What we do with those leads, of course, is the important part. Having identified them as possible sellers, and having their home addresses via the home valuation tool, we have options to send them print mail directly, knock on doors, e-mail or call them individually, or try to connect with them via social media. Whatever route we choose, we know what message to use. We’re focused on an engaged user base made up of people who are much more likely to be considering a home sale than the general public.
Connecting via Social
The other opportunity for those who build their own database is the chance to move your connections over to other platforms. With registered users’ e-mail addresses, brokers can use tools like Rapportive to automatically find the social media profiles of every user. Connecting with these users via a personal Facebook account, company Twitter account, or LinkedIn are all good ways to strengthen your long-term connection.
We can also see what style and location of homes these users have been searching for on the websites. If we segment our database of users into groups by search locations, we have even further targeted prospects. Any time we list a new home, we can send it to just that segment of our users who are looking in the same area, instead of blasting everyone in the database, to whom 90 percent find it irrelevant.
E-mail may not cost money in the way that print mail does, but it’s still costly if it’s overused. Keeping your audience engaged and not overwhelming them is highly important to staying out of spam filters and continuing to be able to reach them.
Closing the Sale
Getting new clients via big data is a great first step, but using data to actually find the buyers for you or your agents’ listings can also be done better by using data. We use Coldwell Banker’s CBX tool, but there are other sources of profiling data as well. We can pinpoint the kind of buyer who is most likely to be purchasing in the area where our listing resides, and then create a map of likely nearby locations of buyers. From their employment, income, and age range, we can show our sellers where we’ll be targeting our marketing for the most likely buyer candidates. It’s not only a strong part of a listing presentation; it’s also a strategic way to ensure more of your marketing dollars are going to the most effective locations for your clients.
Big Picture: Upstream and Potential Uses
The partnership between NAR, brokers, and Upstream RE LLC has great potential for brokers to access better data. While the end product is still in flux, the image projected looks to be one where brokers input all of their listings at one entry point and then choose how and where that data is delivered.

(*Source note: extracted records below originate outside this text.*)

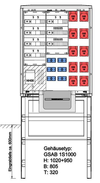| Kurzbeschreibung | Festplatzverteiler HxBxT:1000x805x320mm best.mit 5xCEE32,5xCEE16,12xSchuko |
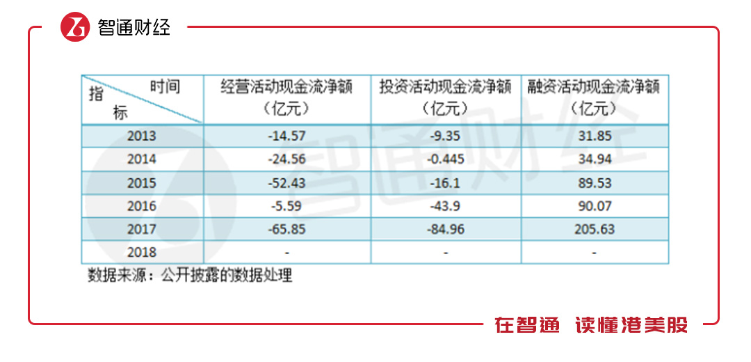 2018年并未公布现金流量表,但可以大致推算或仍为负数。2018年金融性负债(包括长短期)增加了143.42亿元,按照2017年现金等价物为142.63亿元,而彼时现金及等价物为233.74亿元,三项现金流净额合计91.11亿元,扣去融资现金流后,投资及经营现金流净额大致合计为-52.31亿元。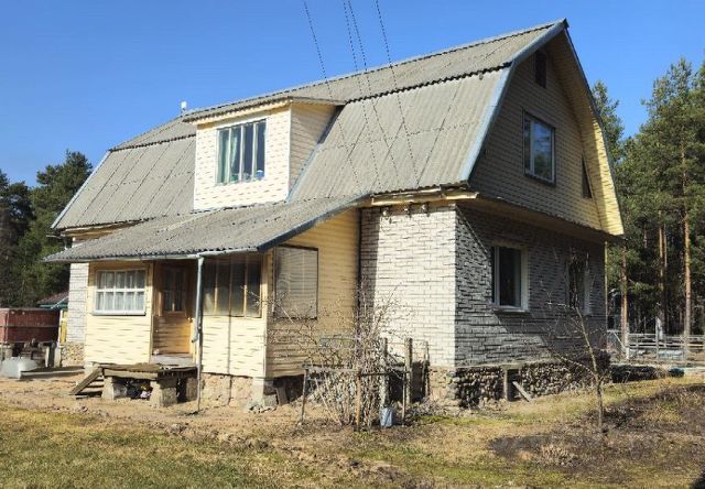 В доме 1й этаж: две комнаты, печка, заменена электропроводка, отдельно выведена на водонагреватель, на холодильник и пр. Есть водопровод из скважины, туалет с унитазом и обычной канализацией. На участке две поликарбонатных теплицы. Рядом богатые леса с грибами, ягодами. Есть газ.На втором этаже мансардная комната, обита вагонкой, пристройка - гараж, в гараже заготовлены дрова. В нем небольшая яма-холодильник. Сарай для хранения инструментов.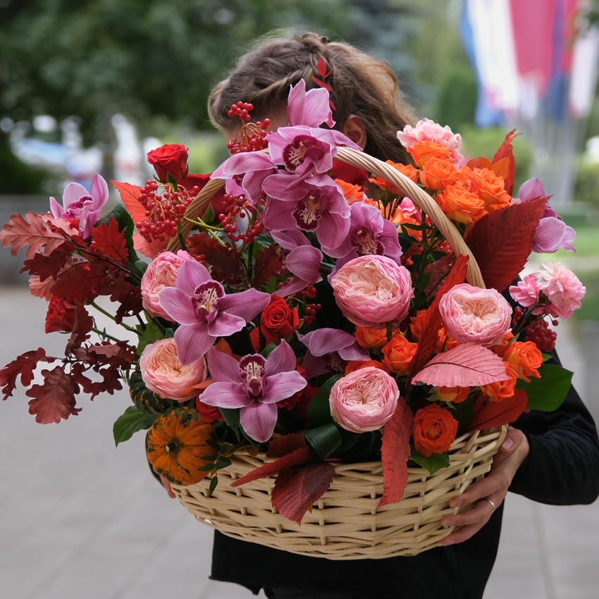 Осенний карнавал невероятных красок в нарядной композиции. В составе фантастическая, ароматная орхидея цимбидиум, пионовидные розы, декоративные тыковки кукурбита и сезонная зелень.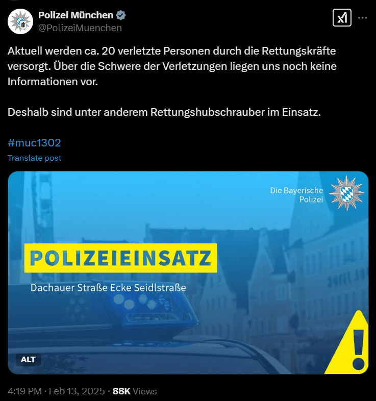म्यूनिख पुलिस ने सोशल प्लेटफॉर्म एक्स पर लिखा है कि ड्राइवर को हिरासत में ले लिया गया है और फिलहाल उससे कोई खतरा नहीं है. आपातकालीन सेवाएं घटनास्थल पर पहुंच गई हैं. जर्मनी के अखबार बिल्ड ने घटना में 15 लोगों के घायल होने की खबर दी है जबकि फोकुस पत्रिका ने यह संख्या 20 बताई है.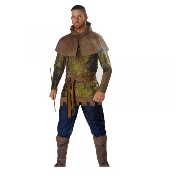 The costume begins with a tunic of earthy green, reminiscent of the canopy of trees that shelters Robin and his band of merry outlaws. Embroidered with intricate patterns and trimmed with touches of gold, the tunic exudes an air of both elegance and rugged charm. Over this, the iconic hooded cloak of deep forest green is worn, its flowing fabric providing both camouflage and a sense of mystique.
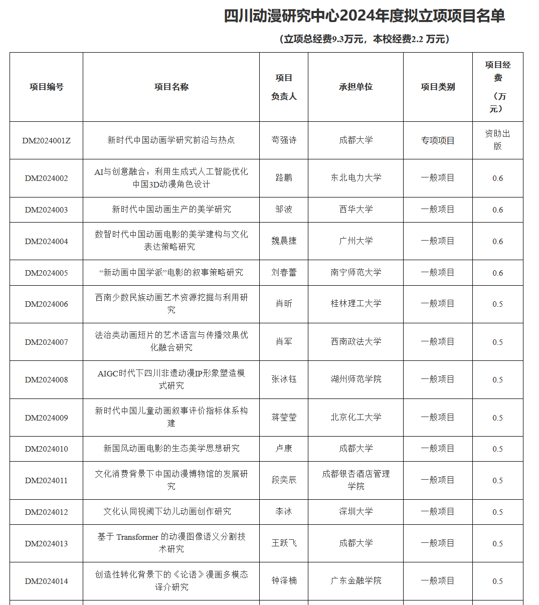 四川动漫研究中心的评审工作经过了“单位审核推荐”、“专家分组评议”和“中心审核”三个阶段的严格审核,确保了立项项目的质量和创新性。本年度拟立项的项目总数为25个,涵盖了专项项目、一般项目、自筹项目以及研究生专项项目等多个类别。 钟泽楠老师的成功立项,体现了beat365唯一官方网站在学术研究和文化传承方面的努力与成就。学院将继续支持教师参与高水平的科研项目,以促进学术研究与文化创新的进一步发展。

With the right analytics assigned to brokers’ listings via Upstream, we could have a single platform of metrics to help us make decisions regarding which outlets are really working. Imagine if you could easily find out which portal is actually generating leads that sell homes? How much of your traffic comes via the MLS and IDX? Does the quantity and quality of traffic and leads vary significantly on one portal vs. another? This will help you see where your advertising dollars get the best ROI.
Real estate data has always been fragmented. Upstream has the promise of simplifying, and improving, our ability to make data-driven decisions in the future. That’s a win for all brokers.